Exercise description: Please return the lines below verbatim, beginning at the one that has "Matéria/Técnica: Vidro; Cronologia: Século" and stopping after the one that has "भारत विकास परिषद", and add no other lines.

Given entries:

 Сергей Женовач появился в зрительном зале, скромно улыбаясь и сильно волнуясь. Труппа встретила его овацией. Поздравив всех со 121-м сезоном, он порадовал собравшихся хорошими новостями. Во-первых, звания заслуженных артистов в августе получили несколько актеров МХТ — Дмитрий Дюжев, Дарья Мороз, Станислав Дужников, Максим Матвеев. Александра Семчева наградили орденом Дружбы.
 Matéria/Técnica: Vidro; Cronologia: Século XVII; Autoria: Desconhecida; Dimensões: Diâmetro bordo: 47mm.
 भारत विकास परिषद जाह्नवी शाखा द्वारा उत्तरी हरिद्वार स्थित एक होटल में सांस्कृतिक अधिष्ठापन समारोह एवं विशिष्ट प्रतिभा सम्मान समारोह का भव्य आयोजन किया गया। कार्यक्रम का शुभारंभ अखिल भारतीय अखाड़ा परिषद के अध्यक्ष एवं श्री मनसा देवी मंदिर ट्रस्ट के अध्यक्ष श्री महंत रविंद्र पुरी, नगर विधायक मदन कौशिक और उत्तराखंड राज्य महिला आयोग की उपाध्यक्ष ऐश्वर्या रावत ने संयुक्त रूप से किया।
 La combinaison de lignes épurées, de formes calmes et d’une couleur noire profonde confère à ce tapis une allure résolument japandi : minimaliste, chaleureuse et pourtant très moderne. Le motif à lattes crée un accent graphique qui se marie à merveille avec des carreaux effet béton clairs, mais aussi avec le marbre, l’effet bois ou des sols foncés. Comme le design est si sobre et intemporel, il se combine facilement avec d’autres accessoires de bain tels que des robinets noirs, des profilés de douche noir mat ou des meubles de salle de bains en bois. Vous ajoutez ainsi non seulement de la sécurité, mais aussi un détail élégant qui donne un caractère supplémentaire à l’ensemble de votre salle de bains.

* * *

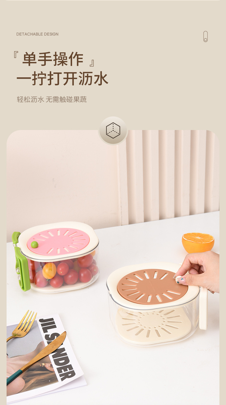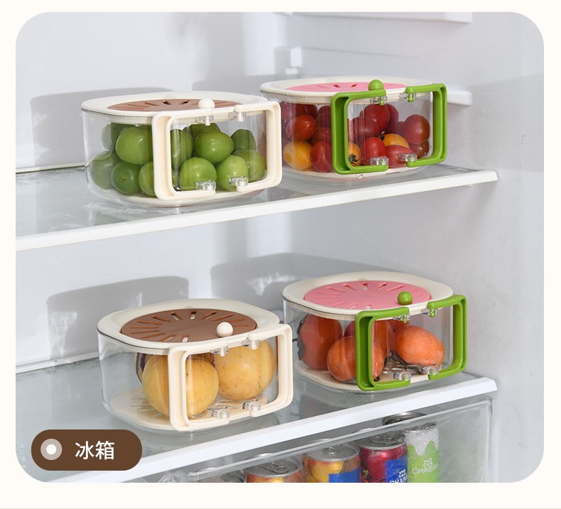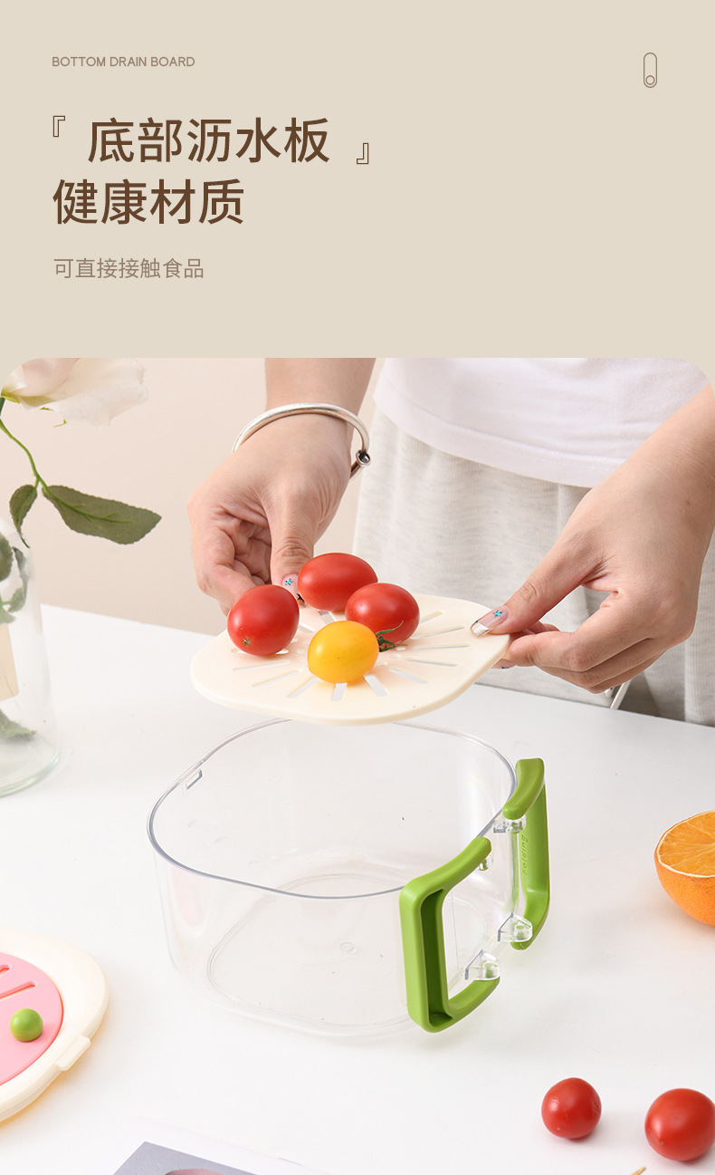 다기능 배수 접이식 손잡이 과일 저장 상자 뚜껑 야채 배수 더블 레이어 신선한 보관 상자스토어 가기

Result of the task:
 Matéria/Técnica: Vidro; Cronologia: Século XVII; Autoria: Desconhecida; Dimensões: Diâmetro bordo: 47mm.
 भारत विकास परिषद जाह्नवी शाखा द्वारा उत्तरी हरिद्वार स्थित एक होटल में सांस्कृतिक अधिष्ठापन समारोह एवं विशिष्ट प्रतिभा सम्मान समारोह का भव्य आयोजन किया गया। कार्यक्रम का शुभारंभ अखिल भारतीय अखाड़ा परिषद के अध्यक्ष एवं श्री मनसा देवी मंदिर ट्रस्ट के अध्यक्ष श्री महंत रविंद्र पुरी, नगर विधायक मदन कौशिक और उत्तराखंड राज्य महिला आयोग की उपाध्यक्ष ऐश्वर्या रावत ने संयुक्त रूप से किया।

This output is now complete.